The application of an ANN model is divided into three separate parts. The first is called the “learning phase” and is about training the model with the training input data. The actual output of the network must be known for this type of ANN in the learning stage. The learning of the MLP is accomplished by the error back propagation method. An error in this sense means the difference between the expected and actual output of the MLP. The signal transmitted between the neurons is changed depending on adjustable parameters called “weights”, as was mentioned in the previous paragraph. The main goal of the learning process is to define these weights. Finding the appropriate network parameters is repeated until the error between the desired and actual output from the ANN is minimal.
More details of the back propagation learning method are described in the general literature on this subject [14]. Therefore, we will not deal with this in more detail here.
In the next “verification” phase of the ANN application, the trained network is verified with the test data (the actual output of the network must be known at this stage too); if this is accomplished with satisfactory results, the model is ready to use an actual application (where the output data are unknown).

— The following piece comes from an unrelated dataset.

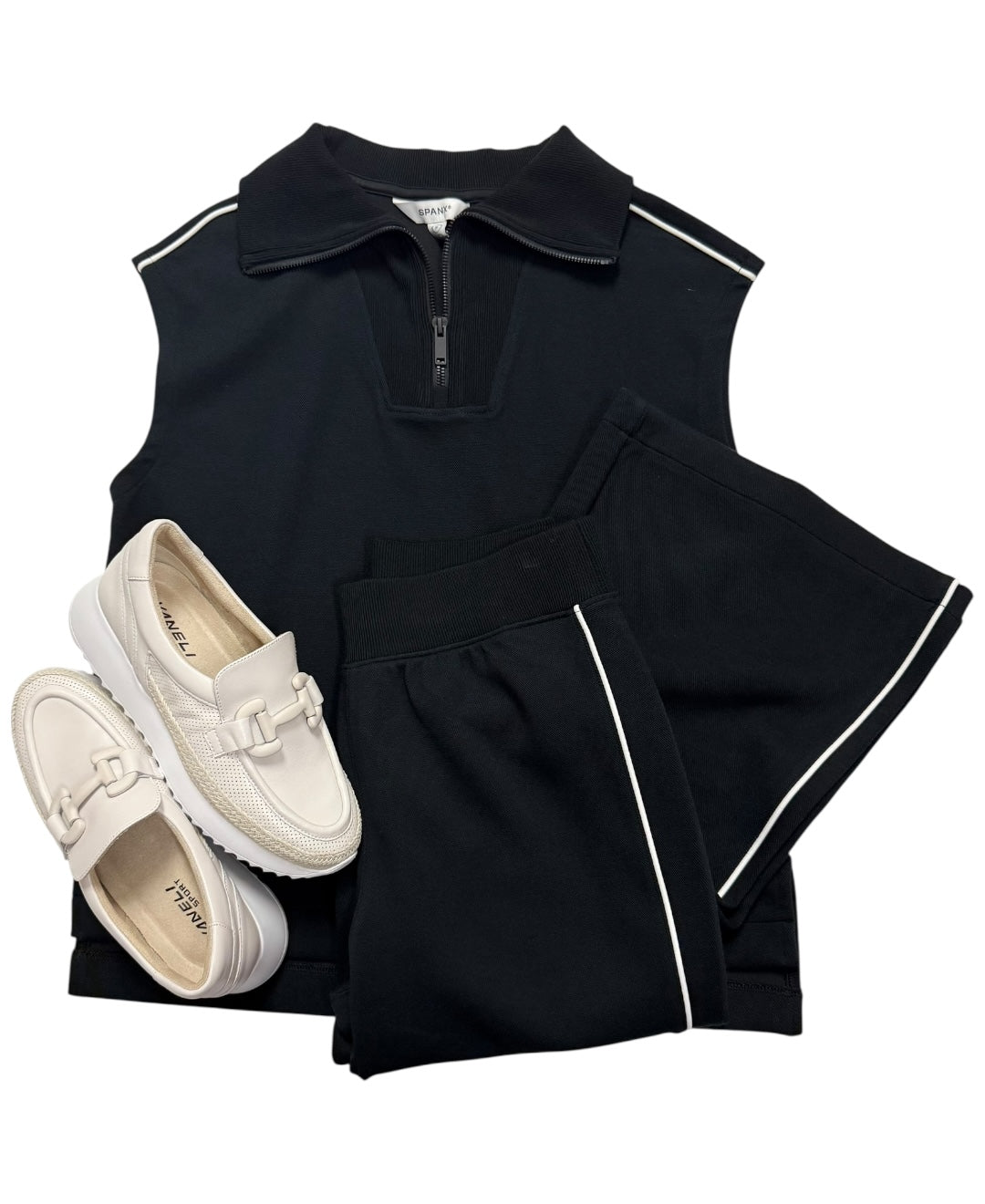 Black sleeves half zip with white trim detailing. Pairs well with the airpique flare track

For the testing purposes of the methods described in the previous section, data were taken from a probe installed in the village of Bac on the Danubian Lowlands (Slovakia) (Figure 1). In this and other nearby locations moisture in the unsaturated soil zone and ground water levels are monitored. In some of these localities continuous monitoring has been performed since 1999, but samples are taken at two-week intervals from the Bac probe. The interpolation of these measured values to a daily interval should be accomplished by the data-driven models presented in this study to obtain homogeneous data in the area with the aim of obtaining the spatial interpolation of the soil moisture and a prediction of the irrigation needs. The soil profile at the Bac area has a complicated layered structure. There is loam on the surface that passes into sandy loam; at a depth of about 90-100 cm, sand is present, and under it gravel soil is found. This is the most important reason why the researchers decided to use data-driven modelling in this task instead of the more complicated, additional data requiring physically-based models. The moisture content of the soil profile was monitored using neutron probes at a distance of 10 cm from each other. The measurements were made at a 2-week frequency. At each site, calibration curves were taken at different seasons. They served for the refinement of the computational relationships recommended by the manufacturer of the neutron probe.

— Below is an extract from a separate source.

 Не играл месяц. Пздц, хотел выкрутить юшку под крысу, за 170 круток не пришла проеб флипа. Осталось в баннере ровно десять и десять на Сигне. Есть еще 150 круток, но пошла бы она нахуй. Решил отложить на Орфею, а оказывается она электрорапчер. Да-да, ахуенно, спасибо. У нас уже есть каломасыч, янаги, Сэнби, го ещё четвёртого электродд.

Map of the area studied with the soil probes and a meteorological gauge station
The measured moisture content of the soil from five horizons at the Bac probe (0, 20, 30, 40, 50 cm) was used for the modelling purposes. These data were collected at the mentioned 2-week intervals during the period April 1999-December 2009. A total of 189 data vectors is available, but data from November to February were excluded, as there is no need to model soil moisture in winter. Thus 117 data vectors were used. These data about soil moisture were used in further calculations as dependent variables that will be calculated on the basis of data taken from the nearby Gabcikovo meteorological station. As can be seen in Figure 2, the soil moisture between the various layers is highly correlated, and this fact will be used in the proposed model.
Correlogram of the soil moisture values at different depths. Texts “10cm”, “20cm” etc., in the diagonal are variable names for soil moisture in depth 10 cm, 20 cm etc. On the right side of diagonal are correlation coefficients, on the left side are scatter graphs smoothed by Lowes line
The following data were available from the Gabcikovo climatic station: the average daily temperature, relative humidity, wind speed, sunshine and daily precipitation (Figure 3). After the results of correlation analysis and other issues were considered, only the average daily temperature and daily precipitation totals were used. These two variables are used as inputs. They are taken from a various time interval before the day in which the value of the soil moisture was computed (e.g. Tt-3, is the temperature 3 days before the day on which the prediction of the soil moisture is computed). In such a way in every model every variable from more than one day preceding day in which prediction is accomplished is taken. This structure of the input data is introducing into the calculations time dynamics, since the RF model itself is basically static. As the input, the total precipitation amounts for the previous 20 days (U20) and the average temperature for the same interval (T20) are also used in some of the models. These two variables are intended to represent the past meteorological conditions in the study area, which affect the consequences of the rainfall and temperatures from previous days on the soil moisture value.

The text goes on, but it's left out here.